Почему Нельсону понадобилось столь беззастенчиво врать о покорении Мальты, остается только догадываться. Ведь ни для кого не было особым секретом, что французский гарнизон Мальты по-прежнему уверенно держит оборону и все население острова находится под властью французской Директории. Скорее всего, Нельсон просто не удержался от желания предстать победителем перед леди Гамильтон и неаполитанским двором. Что касается короля обеих Сицилий Фердинанда IV, то ему никогда так и не придется властвовать над Мальтой.
Вскоре Нельсону стало совсем плохо и Эмме снова пришлось его выхаживать. Всё повторилось: Нельсон болел, Эмма его лечила, и оба часами не сводили глаз друг с друга. При этом леди Гамильтон добровольно возложила на себя и обязанности личного секретаря контр-адмирала, писала под его диктовку письма, выступала посредником при переговорах с королевской семьей. Видя любовь Нельсона к своему приемному сыну, Эмма активно взялась за воспитание Джосаи.

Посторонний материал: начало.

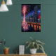New Year's Day in the city by the ocean and with firework in the sky. This is a AI generated art.
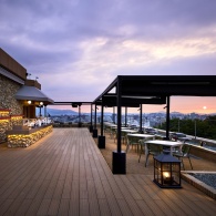 ヒルトップリゾート福岡で楽しめる「THE GARDEN BRASSERIE」は、空と風を感じる開放的なテラス空間が魅力のビアテラスです。ウッドデッキの先には福岡の街並みと豊かな緑が広がり、昼は明るく伸びやかな景色、夜は街を見渡す眺望とともに…

Чего на самом деле удалось добиться леди Гамильтон на педагогическом поприще, история умалчивает, однако Нельсона ее стремление образумить Джосаю привело в восторг.
Не понимая, что своими словами унижает жену, Нельсон пишет Фанни: «Что я могу сказать о доброте сэра Уильяма и его жены? Они практически самые близкие мне люди, за исключением тебя и дорогого отца. В их доме я живу как сын сэра Уильяма, и моя слава им так же дорога, как собственная. Короче, я так обязан им, что могу отплатить только вечной благодарностью… Леди Гамильтон добилась изумительных успехов в воспитании Джосаи. Кажется, она единственный человек, с которым он считается. Она не замалчивает его промахи, но говорит о них шутливым тоном, и ему это нравится. Я, ты и он — мы все бесконечно обязаны ей в этом смысле».
Адмирал Джервис, до которого, конечно, доходили слухи о безумствах его друга и подчиненного, не без иронии говорил в тесном кругу:
— Нельсона ни в коем случае нельзя было пускать в Неаполь. Он обладает великим духом, но сделан из столь слабой плоти, что не в состоянии устоять даже перед малейшим соблазном!
* * *
Тем временем эскадра Ушакова блокировала Корфу. После сильной бомбардировки был высажен десант на прилежащий к Корфу небольшой, но крайне важный остров Видо. Десант захватил тамошний форт и развернул его пушки против французской крепости. После этого еще один десант был высажен уже на сам Корфу, где его радостно встретили местные греки. Вскоре обе французские крепости были окружены русско-греческими отрядами. Со стороны моря к неприятельским фортам вплотную подошли линейные корабли Черноморского флота.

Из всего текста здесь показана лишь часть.